Drive Inn El Flamingo / Jacinta Escudos

Drive Inn El Flamingo

In San Salvador, very close to the Salvador del Mundo monument, where today there’s a little mall whose most prominent locale is a fast food restaurant (I can’t remember if it’s hamburgers or pizzas), there used to be a place in the late 60s called Drive Inn El Flamingo.

The parking lot was huge and in the center of the lot stood the establishment with many giant windows. There were a few trees and very tall palms and a large sign with a flamingo made out of pink neon tubes. Back then, the schedule for classes at school (which was a few blocks away) ran almost the entire day. Classes started at 7 in the morning and finished at 4 or 4:30 in the afternoon. I was on the half boarding plan, in other words, I had lunch at school because it was too hard for my parents to take me there and pick me up at noon.

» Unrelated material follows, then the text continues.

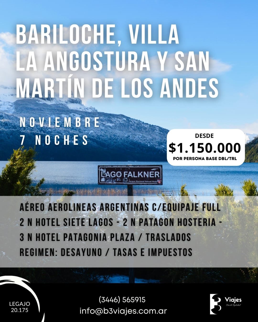 El paquete incluye: Aéreos + Traslado Aeropuerto Bariloche / Hotel Bariloche + Alojamiento con Desayuno: 2 noches en Bariloche + Traslado en excursión Bariloche – Villa La Angostura +2 noches en Villa La Angostura + Excursión San Martin de los Andes por 7 lagos desde Villa La Angostura + 3 noches en San Martín de Los Andes + Asistencia al viajero.

Being a half boarder turned me into a “strange creature” of sorts, because almost none of my classmates stayed that long. And I would eat lunch with the boarders, those who slept at school all week and went home on Friday afternoons, returning on Monday mornings. Almost all the boarders were in high school.

Sometimes, for reasons I can’t remember now, afternoon classes were canceled. When that happened I had to borrow the phone and call my father at his office. The number, I still remember it, was 21-4827 and the office was in Pasaje Montalvo, right in the center of the city. It was much easier to call my father on the phone than my mother, because in order to call Los Planes de Rendero in those years you had to dial a central office from where they gave you an extension. But there were few lines, and Los Planes was basically “wilderness,” getting through wasn’t always simple or quick. So the best bet was to call my father.


Then he would arrive to pick me up at school. He’d get there a bit late, at about one, when he was finished with his work and school was already empty and silent. I waited in the front office, with my book bag and one or two other girls who had also been left behind. The buzzer rang from the street, a nun would go open the door and, well, they already knew my dad and I was so happy to be out of there.

He was never effusive, never smiled, never made jokes. He was always a profoundly reserved man and he usually walked with the same expression on his face. Whoever didn’t know him well could have thought he was angry or bitter, because the expression lines (that phrase was never more accurate) had marked his face with deep furrows, the result of ancient sufferings whose cause I would learn about years later. We’d get into the car in silence and then he would ask me if I’d had lunch already. But no, I hadn’t gone up to the cafeteria because I’d been waiting for him. Since he hadn’t eaten either, he’d ask if I wanted a hamburger and I answered, “Yes!” enthusiastically, because that was the “secret password” that would take us to the Flamingo.

Those were the days when absolutely no one worried about cholesterol, junk food, French fries and those things. People cooked and ate with pleasure and eating was an enjoyable act, without anguish, so that any food happily wolfed down was healthy food, even if it was made with lard (as tended to happen at my house), or if we ate at the open market (which was another one of our favorite places to eat), or stuffed ourselves with a good hamburger, one of those they used to make back then.

Even though it was a drive-in, we preferred to sit at the tables inside. And we went through the ritual of the menu even though we always ordered the same thing: a hamburger and a refresco de ensalada, because they made the best ones in the country. They served them in these huge glass cups, with a straw and spoon, with a whole bunch of mamey, pineapple, melon and cashew. The spoon was for eating the fruit that was abundantly served. And then it was time for that majestic hamburger, the best ones I’ve had in my life. As ever, my father and I would eat in complete silence. He wasn’t much of a talker, as I’ve said, but we didn’t have much room for conversation because the food was so good that we’d concentrate on eating.

He’d finish first and say, “ I was hungry.” And he would remain absorbed in his thoughts while I ate everything very slowly, to my father’s disbelief, thinking I’d never finish it all. It was really a lot of food for me, but the flavor imposed itself and I’d leave there with a big belly.

Afterwards he would take me to his office and I’d spend the afternoon there, playing imaginary races with the rolling office chairs, “writing” on a typewriter (I didn’t know how to write too well so I would just type out jumbled letters) and jumping all over my beloved uncle Ricardo, my father’s brother.

I don’t remember what year they closed the Drive Inn, but it was sometime in the 70s. And I can’t express how much it hurt when I saw them begin to knock down that solitary building, to cut the trees and giant palms and build that mall with zero architectural taste, where the hamburgers were McDonald’s and you could no longer find a refresco de ensalada, not even at gunpoint.